The simultaneous presentation of these two very large and comprehensive cohorts of patients with NSTEMI included between 1994 and 2014 in prospective global RCTs or in a prospective continuous national registry with large differences in outcomes provides valuable perspectives on how to improve the understanding and treatment of the disease further. As stated many times before, a prospective RCT is ideal for comparative effectiveness of new treatments, but is usually performed in an idealized setting excluding patients at higher risk. An RCT usually has a short-term follow-up for 1–2 years, providing detailed and adjudicated information on all events. However, the overall event rates in RCTs usually are substantially lower than in an unselected populations. Therefore, neither the effectiveness nor the risk of side effects might correspond to the results in a real-life population. Unselected cohorts from continuous registries with good coverage and complete long-term follow-up better represent the natural history of disease and its short- and long-term outcomes. The remaining causes of complications in NSTEMI, e.g. SD, might be indicated by detailed observation in RCTs, although their importance needs to be validated in other trials and observational cohorts because of the selected enrolment. The continued evaluation of unmet needs and opportunities for further improvement probably are easier and more reliable in unselected registry populations.

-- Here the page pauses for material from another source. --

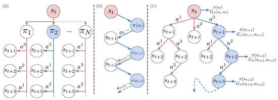 Hybrid Search Policies. Finally, hybrid search schemes (c) combine the use of a learned prior with computing the expected free energy for sequences of actions. The search space is greatly limited by using the prior, which influences the choice of the nodes to select and expand. One of the most popular applications in RL of these methods is by employing variants of Monte Carlo Tree Search (MCTS) [,], which use both a prior over actions and estimates of the expected utility over long horizons, as in Equation (10). Similar approaches have recently been applied for active inference [,]. While these methods are generally applicable only for discrete action spaces, extensions of MCTS for continuous domains have been developed as well []. The precision parameter in these methods can be used to control the influence of the prior relative to the expected free energy (computed a posteriori, with respect to a certain action/plan).

The large differences between the real-life NSTEMI patients and those included in RCTs also emphasize concerns for the relevance of the results when testing new treatments in very selected low-risk populations. There are obvious risks that the results from a selected RCT setting are not representative of the broad complex real-life population where the effects might be both smaller and larger than in the selected RCT cohorts. The testing of new treatments mainly in lower risk populations also carries risks of losing important information on both efficacy and safety that might have important influences on the further development and eventual approval of new treatments. In order to increase the chances of clear and relevant results, all trials should be encouraged as far as possible to include the whole target population. Such a strategy is both doable and very cost-effective by performing the RCTs embedded in continuous registries rather thean using the conventional approach.

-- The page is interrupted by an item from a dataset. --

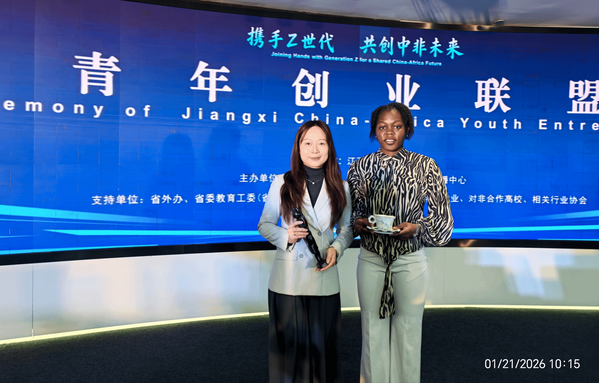 2026年1月21日,由江西日报社主办,江西国际传播中心承办的江西中非青年创业联盟成立暨项目支持网络签约仪式在南昌成功举行。我校喀麦隆籍2025级临床医学专业留学生FREDERIC SHANICE MBAHA MBIELEU(中文名莎莉思)作为非洲青年代表参加了此次活动并进行了发言。

Conflict of interest: L.W. has received institutional research grants from AstraZeneca, Bristol-Myers Squibb/Pfizer, Merck & Co, Roche, GlaxoSmithKline, and Boehringer Ingelheim, and consulting fees from Abbott; he holds two patents on GDF-15 licensed to Roche Diagnostics.

Table 1

Baseline characteristics in the TIMI NSTEMI 14 RCT cohort and the SWEDEHEART NSTEMI cohort

Cohort	TIMI 14 RCT NSTEMI	SWEDEHEART NSTEMI
Time	1994–2014	1995–2014
Number of patients	66 252	205 693
Days to inclusion median (IQR)	1 (1–4)	0 (0–0)
Follow-up days median (IQR)	372 (218–521)	365 (365–365)
Number of deaths	3147	38 366
Age median (IQR)	63 (55–71)	74 (64–82)
Female sex, %	30.1	37.5
Male sex, %	69.9	62.5
Prior history	All trials	Range over the years
Hypertension, %	66.4	37.1–67.9
Diabetes mellitus, %	28.2	23.4–28.8
Active smoking, %	31.3	17.9–19.8
Myocardial infarction, %	30.4	35.6–32.0
Stroke, %	4.2	10.7 – 13.6
Peripheral arterial disease, %	7.8	6.8 – 7.9
Heart failure, %	10.5	23.3 – 31.5
Prior medications	All trials	Range over the years
Beta-blocker, %	56.3	35.8–46.2
Calcium channel blocker, %	27.6	17.6–22.6
ACE-I or ARB, %	49.0	16.7–43.2
Aspirin %	71.7	39.7–48.0
Lipid-lowering agent, %	44.2	5.1–35.8

ACE-I, angiotensin-converting enzyme inhibitor; ARB, angiotensin receptor blocker; IQR, interquartile range.